Ela sempre tinha um livro na mão e costumava escrever no tempo livre. Apesar de ser focada nos estudos, ela fora mal tratada por um playboy qualquer no início da adolescência, e por isso cultivava o hábito de sair e namorar muito. A falta de interesse do pai por ela era compensada pelo super-protetorismo da mãe, e assim eram os dias da garota, as vezes nos livros, as vezes em outras camas.
Merilan, a garota que um tempo já havia ocupado minha cama, se matou da forma que muitos adolescentes sonham, mas não realizam. Ela cortou seus pulsos tão profundamente que o sangue jorrava deles, e inundava suas roupas. Apesar disso sua expressão era serena, como alguém que encontrou a paz, e eu acredito que foi isso que aconteceu com ela, e muitos outros, ao encontrarem a pessoa que, à mim, só trazia pesadelos.
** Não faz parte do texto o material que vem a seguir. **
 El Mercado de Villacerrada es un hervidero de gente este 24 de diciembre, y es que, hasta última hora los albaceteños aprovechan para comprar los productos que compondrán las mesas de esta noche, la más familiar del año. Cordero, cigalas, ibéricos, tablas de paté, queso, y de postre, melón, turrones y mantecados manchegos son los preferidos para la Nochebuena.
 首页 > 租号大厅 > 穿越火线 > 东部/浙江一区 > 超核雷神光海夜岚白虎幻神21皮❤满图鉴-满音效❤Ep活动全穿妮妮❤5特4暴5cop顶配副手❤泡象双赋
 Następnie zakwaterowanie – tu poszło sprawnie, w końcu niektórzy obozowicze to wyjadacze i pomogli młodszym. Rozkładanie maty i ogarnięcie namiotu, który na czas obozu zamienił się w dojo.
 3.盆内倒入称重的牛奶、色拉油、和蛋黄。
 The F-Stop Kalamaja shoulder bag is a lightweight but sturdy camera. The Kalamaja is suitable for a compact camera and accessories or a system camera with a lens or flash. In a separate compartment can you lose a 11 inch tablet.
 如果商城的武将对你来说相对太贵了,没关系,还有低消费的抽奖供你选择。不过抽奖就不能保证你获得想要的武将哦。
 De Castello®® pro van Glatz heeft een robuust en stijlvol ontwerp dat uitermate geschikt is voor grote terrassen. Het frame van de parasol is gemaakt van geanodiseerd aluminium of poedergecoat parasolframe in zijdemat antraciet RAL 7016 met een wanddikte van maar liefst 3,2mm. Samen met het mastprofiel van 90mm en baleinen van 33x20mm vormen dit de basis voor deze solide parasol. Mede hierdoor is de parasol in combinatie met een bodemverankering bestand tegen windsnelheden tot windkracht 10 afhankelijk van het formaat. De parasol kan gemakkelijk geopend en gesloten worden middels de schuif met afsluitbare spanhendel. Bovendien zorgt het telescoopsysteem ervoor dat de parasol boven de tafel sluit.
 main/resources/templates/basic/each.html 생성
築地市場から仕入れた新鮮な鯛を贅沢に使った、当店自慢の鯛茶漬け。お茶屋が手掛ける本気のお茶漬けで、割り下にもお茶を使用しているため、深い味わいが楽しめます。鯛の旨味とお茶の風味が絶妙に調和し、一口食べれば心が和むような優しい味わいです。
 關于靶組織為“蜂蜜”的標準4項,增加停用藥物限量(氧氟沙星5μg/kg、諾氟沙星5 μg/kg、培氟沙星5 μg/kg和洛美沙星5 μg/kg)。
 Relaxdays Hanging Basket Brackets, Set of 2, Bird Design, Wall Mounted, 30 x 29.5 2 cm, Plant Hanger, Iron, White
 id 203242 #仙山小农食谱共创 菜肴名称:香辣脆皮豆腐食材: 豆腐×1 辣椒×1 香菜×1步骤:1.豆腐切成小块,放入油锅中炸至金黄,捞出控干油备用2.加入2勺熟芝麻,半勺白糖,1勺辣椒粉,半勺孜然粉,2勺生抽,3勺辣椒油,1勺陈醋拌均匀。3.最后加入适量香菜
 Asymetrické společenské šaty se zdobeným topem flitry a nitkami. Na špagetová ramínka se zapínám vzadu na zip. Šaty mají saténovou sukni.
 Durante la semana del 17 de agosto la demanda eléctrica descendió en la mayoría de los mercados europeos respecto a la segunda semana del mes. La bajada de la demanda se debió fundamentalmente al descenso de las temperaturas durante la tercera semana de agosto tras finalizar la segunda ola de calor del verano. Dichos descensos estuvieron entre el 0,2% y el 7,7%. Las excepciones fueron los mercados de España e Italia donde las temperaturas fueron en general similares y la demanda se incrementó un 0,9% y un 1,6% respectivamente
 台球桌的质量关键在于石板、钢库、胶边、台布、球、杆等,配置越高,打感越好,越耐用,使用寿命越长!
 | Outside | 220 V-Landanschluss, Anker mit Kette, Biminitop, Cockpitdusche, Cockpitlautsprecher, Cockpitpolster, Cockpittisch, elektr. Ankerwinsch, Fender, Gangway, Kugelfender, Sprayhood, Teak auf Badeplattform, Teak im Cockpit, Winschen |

Naquela noite não foi diferente. Eu dormi após uma janta comum e um banho. Deitei em minha cama como qualquer ser humano comum, mas eu sabia que nenhum daqueles outros sete bilhões de pessoas tinha uma noite como a minha, pois eu era assombrado pelo fantasma de meu passado, e a cada pesadelo ela me obrigava a me lembrar mais disso, e cada vez mais meu antes enevoado passado se tornava claro como água em minha frente.
Não que eu devesse me orgulhar dele.